Additional Purposes of Data Processing

The non-sensitive personal data you provide may be used for additional purposes, in full compliance with the Privacy Policy under Article 13 of Regulation (EU) 2016/679, namely to provide you with and/or send you our newsletter containing informational and promotional communications related to the goods/services offered, by any means, including mail, Internet, telephone, email, MMS, SMS, from Italy or abroad (including countries outside the European Union, in compliance with applicable law), by the Company.

Data Retention Period

Personal data will be stored in paper and/or electronic form only for the time strictly necessary to achieve the purposes, in compliance with your privacy, applicable laws, and the contractual conditions (e.g., invoices, accounting documents, and transaction data are retained for 11 years in accordance with the law, including tax obligations).

For data collected for a quote requested by the data subject that does not result in a contract, the data collected, in the absence of consent, will be retained only for 12 months and 15 days and then immediately deleted. If the estimation does lead to a contract, the data provided will be retained for the period determined according to the following criteria:

• the retention obligation established by law;
• the duration of the contractual relationship and the liabilities arising from it;
• request for deletion by the Data Subject, if submitted.

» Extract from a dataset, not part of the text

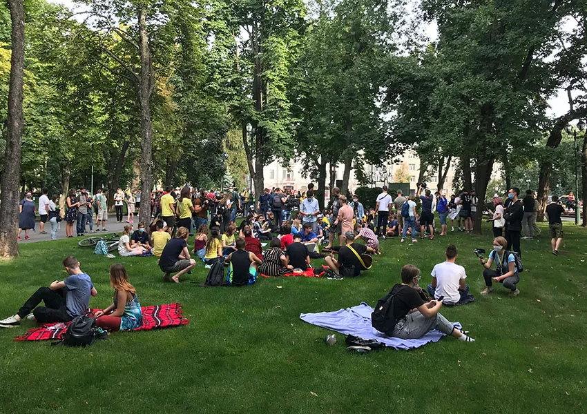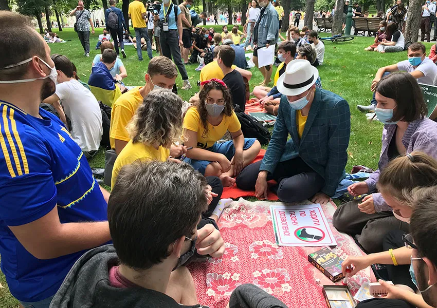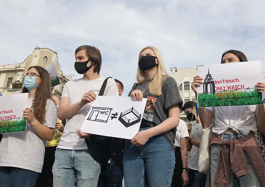 Після майже півгодинного «сидячого» протесту із перебіжками з газону на газон або непорушним сидінням під поливними системами акція добігає кінця. Втім, всі її учасники та учасниці солідарні у тому, що вона була переможною. Адже цією акцією вдалося привернути увагу містян до дуже нагальної проблеми. Протест активно висвітлювали медіа, а сам факт мирного сидіння на траві показав, що городяни здатні боротися за власний простір та свободу.

In the event of exercising the right to be forgotten through an explicit request for the deletion of personal data processed by the Controller, please note that such data will be retained in a protected form with limited access solely for the purposes of crime detection and prevention, for a period not exceeding 12 months from the date of the request, and will thereafter be securely deleted or irreversibly anonymised.

Data collected by the website during its operation are used exclusively for the purposes indicated above and retained only for the time strictly necessary to carry out the specified activities. In any case, data collected by the website will never be provided to third parties for any reason, unless it is a legitimate request from a judicial authority and only in cases provided for by law.

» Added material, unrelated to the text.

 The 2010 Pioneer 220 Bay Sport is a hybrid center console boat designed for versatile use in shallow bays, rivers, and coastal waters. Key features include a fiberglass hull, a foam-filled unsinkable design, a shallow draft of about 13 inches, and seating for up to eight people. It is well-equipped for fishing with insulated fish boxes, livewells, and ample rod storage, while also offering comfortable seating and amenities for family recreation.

Finally, we remind you that for the same purposes, data relating to electronic traffic, excluding the contents of communications, will be retained for no more than 6 years from the date of the communication, pursuant to Article 24 of Law No. 167/2017, which implemented EU Directive 2017/541 on counter-terrorism.

If you do not perform any active action (such as browsing, searches, or any other use of the service) on our web portal for a period of 27 months, you will be classified as an inactive User and your personal data will be automatically deleted.

Data used for security purposes (blocking attempts to damage the website) are retained for 7 days.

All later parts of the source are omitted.